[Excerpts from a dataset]
##############################

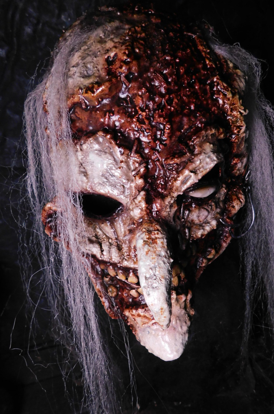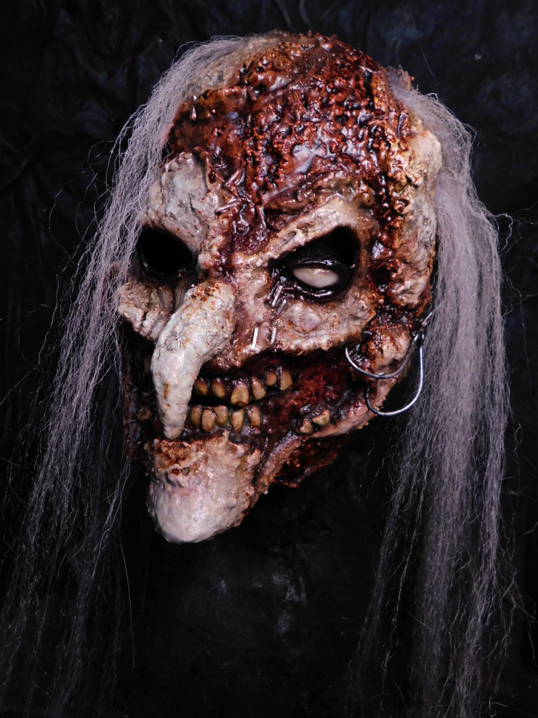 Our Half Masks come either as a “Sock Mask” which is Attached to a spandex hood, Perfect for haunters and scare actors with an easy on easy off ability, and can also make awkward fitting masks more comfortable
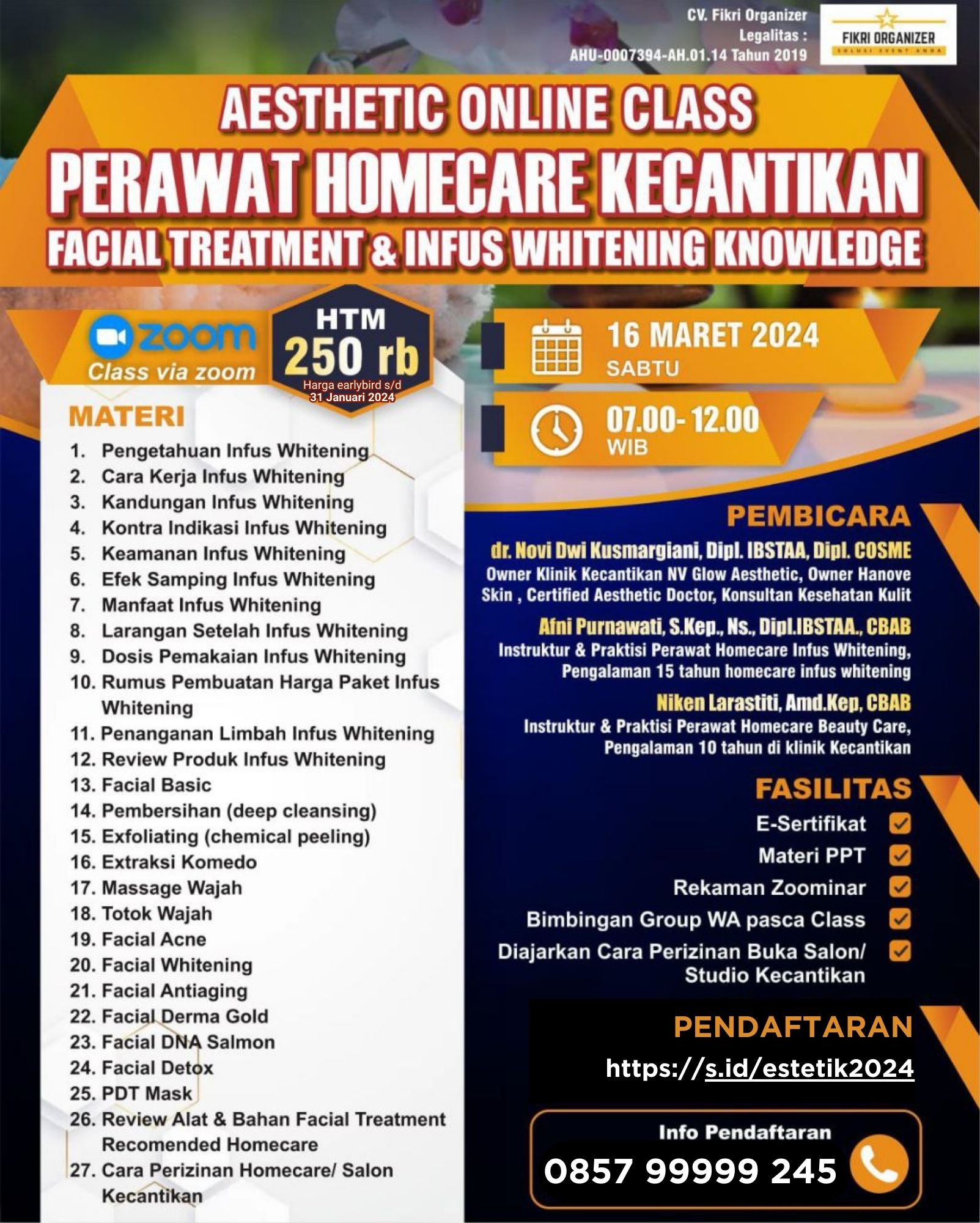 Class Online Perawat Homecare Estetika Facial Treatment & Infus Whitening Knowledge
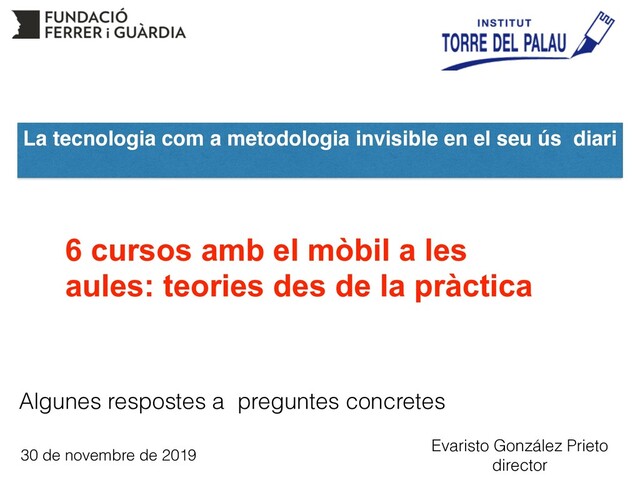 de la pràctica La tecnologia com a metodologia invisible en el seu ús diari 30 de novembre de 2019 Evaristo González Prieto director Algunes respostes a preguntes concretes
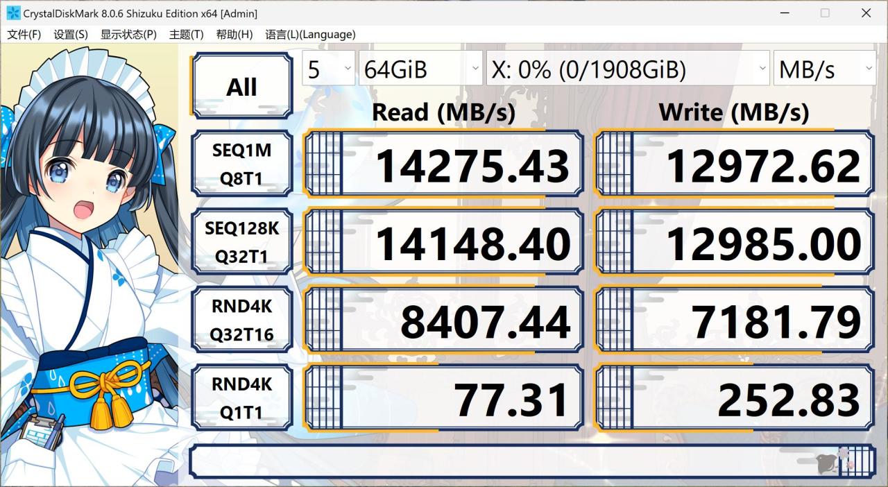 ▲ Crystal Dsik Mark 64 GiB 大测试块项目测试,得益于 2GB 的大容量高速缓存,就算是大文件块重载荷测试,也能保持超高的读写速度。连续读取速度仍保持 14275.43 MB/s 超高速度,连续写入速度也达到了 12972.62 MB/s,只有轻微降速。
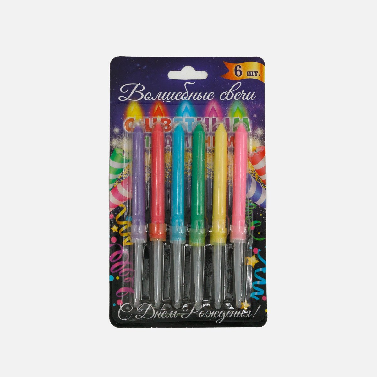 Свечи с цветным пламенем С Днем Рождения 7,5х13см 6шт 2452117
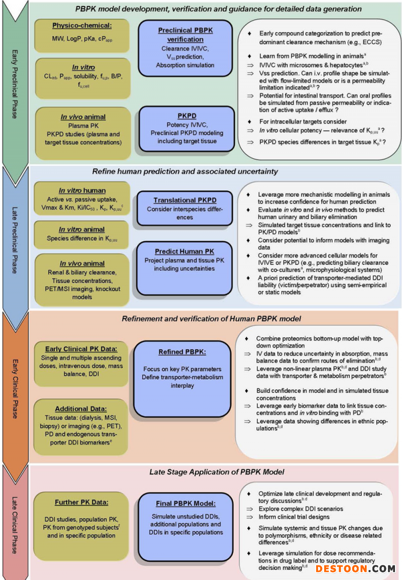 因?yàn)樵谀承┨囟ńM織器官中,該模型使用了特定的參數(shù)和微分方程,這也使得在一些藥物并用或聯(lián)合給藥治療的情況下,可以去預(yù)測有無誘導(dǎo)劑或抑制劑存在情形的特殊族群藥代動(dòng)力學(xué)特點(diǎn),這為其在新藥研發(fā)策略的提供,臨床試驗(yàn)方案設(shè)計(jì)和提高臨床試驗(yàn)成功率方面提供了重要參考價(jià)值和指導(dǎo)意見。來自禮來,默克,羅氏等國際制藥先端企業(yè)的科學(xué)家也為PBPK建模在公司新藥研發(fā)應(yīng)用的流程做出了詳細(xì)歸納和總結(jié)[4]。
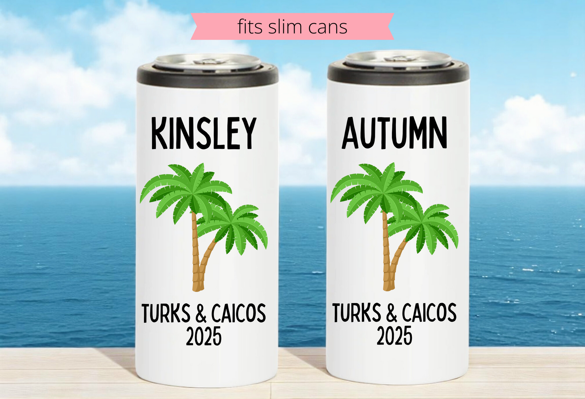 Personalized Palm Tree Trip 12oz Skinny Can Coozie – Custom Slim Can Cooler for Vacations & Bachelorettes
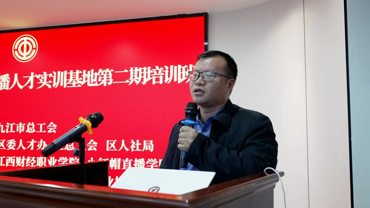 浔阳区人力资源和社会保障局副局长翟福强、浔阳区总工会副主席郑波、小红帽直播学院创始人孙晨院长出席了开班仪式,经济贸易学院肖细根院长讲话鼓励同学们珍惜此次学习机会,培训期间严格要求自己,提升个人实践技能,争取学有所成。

##############################

Repeat the preceding records exactly but drop the images.

» **RESPONSE TO THE TASK**:
 Our Half Masks come either as a “Sock Mask” which is Attached to a spandex hood, Perfect for haunters and scare actors with an easy on easy off ability, and can also make awkward fitting masks more comfortable
 Class Online Perawat Homecare Estetika Facial Treatment & Infus Whitening Knowledge
 de la pràctica La tecnologia com a metodologia invisible en el seu ús diari 30 de novembre de 2019 Evaristo González Prieto director Algunes respostes a preguntes concretes
 ▲ Crystal Dsik Mark 64 GiB 大测试块项目测试,得益于 2GB 的大容量高速缓存,就算是大文件块重载荷测试,也能保持超高的读写速度。连续读取速度仍保持 14275.43 MB/s 超高速度,连续写入速度也达到了 12972.62 MB/s,只有轻微降速。
 Свечи с цветным пламенем С Днем Рождения 7,5х13см 6шт 2452117
 因?yàn)樵谀承┨囟ńM織器官中,該模型使用了特定的參數(shù)和微分方程,這也使得在一些藥物并用或聯(lián)合給藥治療的情況下,可以去預(yù)測有無誘導(dǎo)劑或抑制劑存在情形的特殊族群藥代動(dòng)力學(xué)特點(diǎn),這為其在新藥研發(fā)策略的提供,臨床試驗(yàn)方案設(shè)計(jì)和提高臨床試驗(yàn)成功率方面提供了重要參考價(jià)值和指導(dǎo)意見。來自禮來,默克,羅氏等國際制藥先端企業(yè)的科學(xué)家也為PBPK建模在公司新藥研發(fā)應(yīng)用的流程做出了詳細(xì)歸納和總結(jié)[4]。
 Personalized Palm Tree Trip 12oz Skinny Can Coozie – Custom Slim Can Cooler for Vacations & Bachelorettes
 浔阳区人力资源和社会保障局副局长翟福强、浔阳区总工会副主席郑波、小红帽直播学院创始人孙晨院长出席了开班仪式,经济贸易学院肖细根院长讲话鼓励同学们珍惜此次学习机会,培训期间严格要求自己,提升个人实践技能,争取学有所成。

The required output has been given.